===== DATA RECORDS

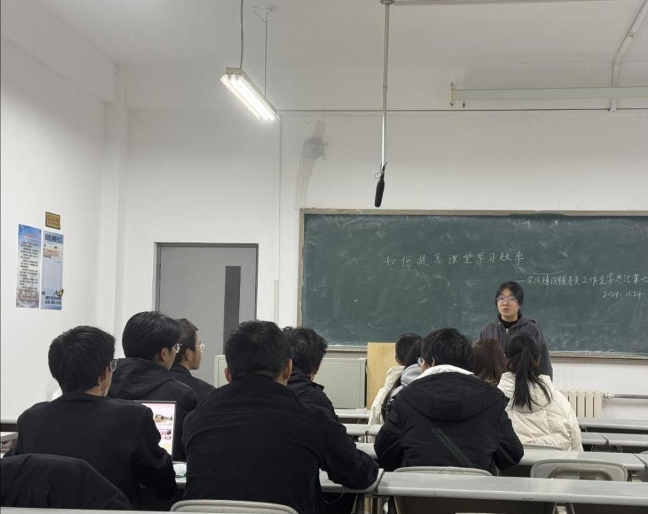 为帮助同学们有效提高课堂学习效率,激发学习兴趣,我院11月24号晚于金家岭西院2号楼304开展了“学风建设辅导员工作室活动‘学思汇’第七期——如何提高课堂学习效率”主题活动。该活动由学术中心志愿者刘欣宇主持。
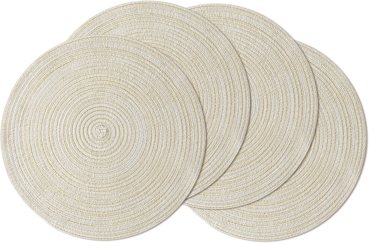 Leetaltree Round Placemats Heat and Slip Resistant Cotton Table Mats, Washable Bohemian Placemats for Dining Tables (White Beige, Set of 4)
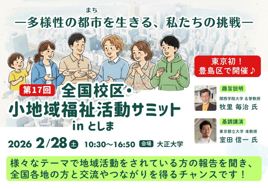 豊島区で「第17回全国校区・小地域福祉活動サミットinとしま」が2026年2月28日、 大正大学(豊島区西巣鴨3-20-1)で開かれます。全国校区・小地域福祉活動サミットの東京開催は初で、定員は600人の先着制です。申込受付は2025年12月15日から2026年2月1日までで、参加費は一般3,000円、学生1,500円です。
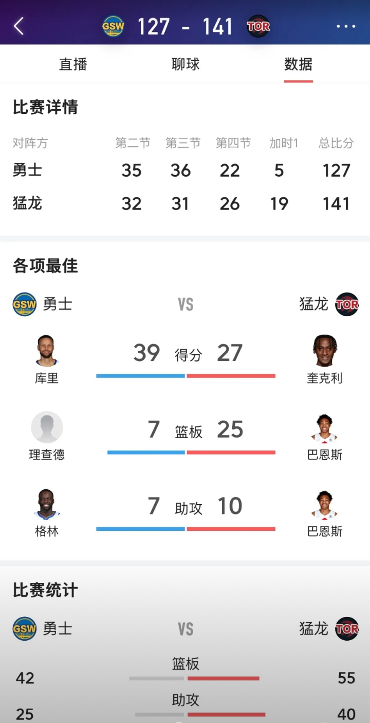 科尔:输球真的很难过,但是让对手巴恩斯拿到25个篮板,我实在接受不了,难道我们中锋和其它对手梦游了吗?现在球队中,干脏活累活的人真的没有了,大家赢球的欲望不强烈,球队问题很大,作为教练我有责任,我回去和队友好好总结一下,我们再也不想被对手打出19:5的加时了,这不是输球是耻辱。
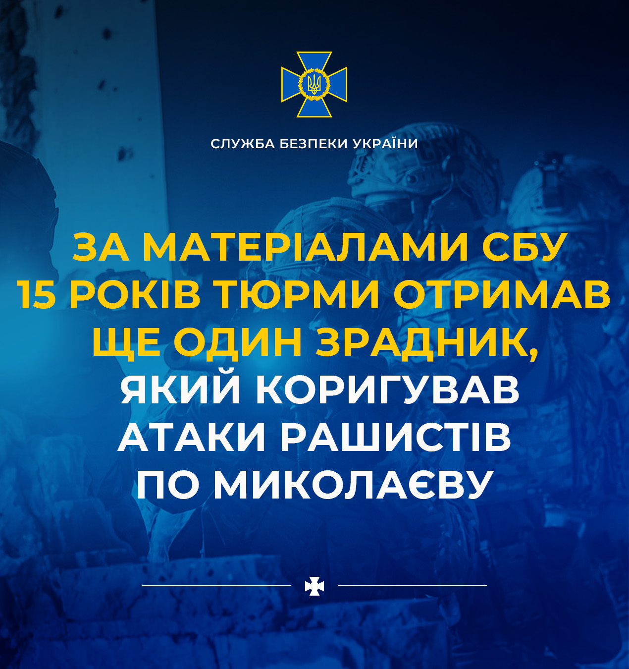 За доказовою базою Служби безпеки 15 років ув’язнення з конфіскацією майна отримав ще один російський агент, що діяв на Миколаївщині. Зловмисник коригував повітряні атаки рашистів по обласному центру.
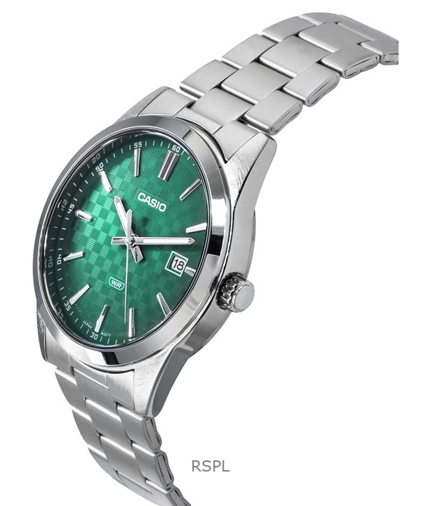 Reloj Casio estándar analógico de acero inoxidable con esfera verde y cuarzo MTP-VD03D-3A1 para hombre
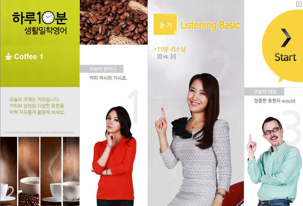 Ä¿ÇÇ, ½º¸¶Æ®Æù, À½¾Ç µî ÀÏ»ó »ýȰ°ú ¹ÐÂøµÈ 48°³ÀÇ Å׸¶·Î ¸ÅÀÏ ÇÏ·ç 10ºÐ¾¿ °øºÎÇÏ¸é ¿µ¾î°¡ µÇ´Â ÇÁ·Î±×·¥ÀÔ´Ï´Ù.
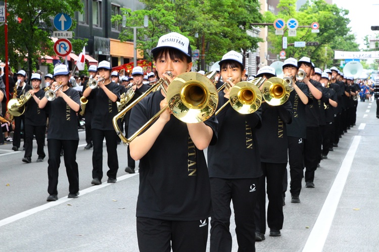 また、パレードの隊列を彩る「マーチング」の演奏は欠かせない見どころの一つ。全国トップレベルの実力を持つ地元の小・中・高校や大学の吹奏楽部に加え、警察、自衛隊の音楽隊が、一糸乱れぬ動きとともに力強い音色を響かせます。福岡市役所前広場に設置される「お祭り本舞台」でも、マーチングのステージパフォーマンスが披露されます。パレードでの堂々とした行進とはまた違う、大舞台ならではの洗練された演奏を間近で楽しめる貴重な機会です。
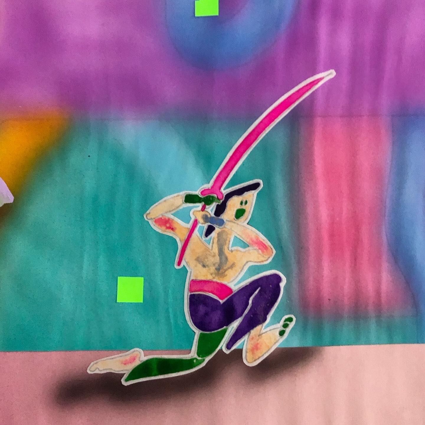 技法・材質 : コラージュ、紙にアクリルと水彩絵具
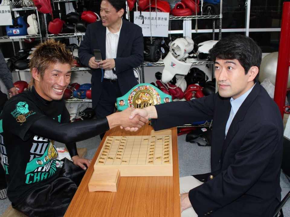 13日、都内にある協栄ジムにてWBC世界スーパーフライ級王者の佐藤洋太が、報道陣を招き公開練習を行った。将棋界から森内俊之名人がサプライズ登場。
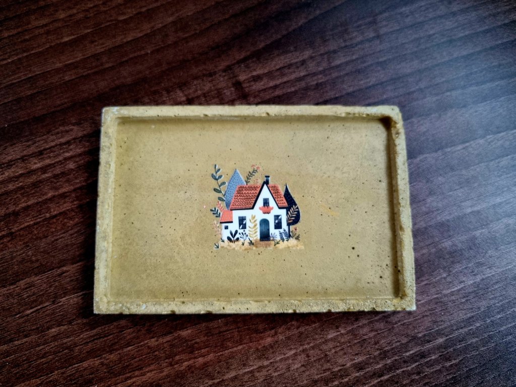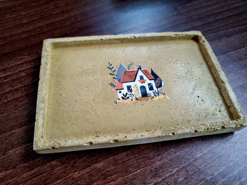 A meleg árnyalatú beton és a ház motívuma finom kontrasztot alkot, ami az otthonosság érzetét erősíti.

==========

-- DIRECTIONS FOR THIS TASK --
Transcribe every entry above exactly. Omit all pictures.

-- WRITTEN RESPONSE --
 为帮助同学们有效提高课堂学习效率,激发学习兴趣,我院11月24号晚于金家岭西院2号楼304开展了“学风建设辅导员工作室活动‘学思汇’第七期——如何提高课堂学习效率”主题活动。该活动由学术中心志愿者刘欣宇主持。
 Leetaltree Round Placemats Heat and Slip Resistant Cotton Table Mats, Washable Bohemian Placemats for Dining Tables (White Beige, Set of 4)
 豊島区で「第17回全国校区・小地域福祉活動サミットinとしま」が2026年2月28日、 大正大学(豊島区西巣鴨3-20-1)で開かれます。全国校区・小地域福祉活動サミットの東京開催は初で、定員は600人の先着制です。申込受付は2025年12月15日から2026年2月1日までで、参加費は一般3,000円、学生1,500円です。
 科尔:输球真的很难过,但是让对手巴恩斯拿到25个篮板,我实在接受不了,难道我们中锋和其它对手梦游了吗?现在球队中,干脏活累活的人真的没有了,大家赢球的欲望不强烈,球队问题很大,作为教练我有责任,我回去和队友好好总结一下,我们再也不想被对手打出19:5的加时了,这不是输球是耻辱。
 За доказовою базою Служби безпеки 15 років ув’язнення з конфіскацією майна отримав ще один російський агент, що діяв на Миколаївщині. Зловмисник коригував повітряні атаки рашистів по обласному центру.
 Reloj Casio estándar analógico de acero inoxidable con esfera verde y cuarzo MTP-VD03D-3A1 para hombre
 Ä¿ÇÇ, ½º¸¶Æ®Æù, À½¾Ç µî ÀÏ»ó »ýȰ°ú ¹ÐÂøµÈ 48°³ÀÇ Å׸¶·Î ¸ÅÀÏ ÇÏ·ç 10ºÐ¾¿ °øºÎÇÏ¸é ¿µ¾î°¡ µÇ´Â ÇÁ·Î±×·¥ÀÔ´Ï´Ù.
 また、パレードの隊列を彩る「マーチング」の演奏は欠かせない見どころの一つ。全国トップレベルの実力を持つ地元の小・中・高校や大学の吹奏楽部に加え、警察、自衛隊の音楽隊が、一糸乱れぬ動きとともに力強い音色を響かせます。福岡市役所前広場に設置される「お祭り本舞台」でも、マーチングのステージパフォーマンスが披露されます。パレードでの堂々とした行進とはまた違う、大舞台ならではの洗練された演奏を間近で楽しめる貴重な機会です。
 技法・材質 : コラージュ、紙にアクリルと水彩絵具
 13日、都内にある協栄ジムにてWBC世界スーパーフライ級王者の佐藤洋太が、報道陣を招き公開練習を行った。将棋界から森内俊之名人がサプライズ登場。
 A meleg árnyalatú beton és a ház motívuma finom kontrasztot alkot, ami az otthonosság érzetét erősíti.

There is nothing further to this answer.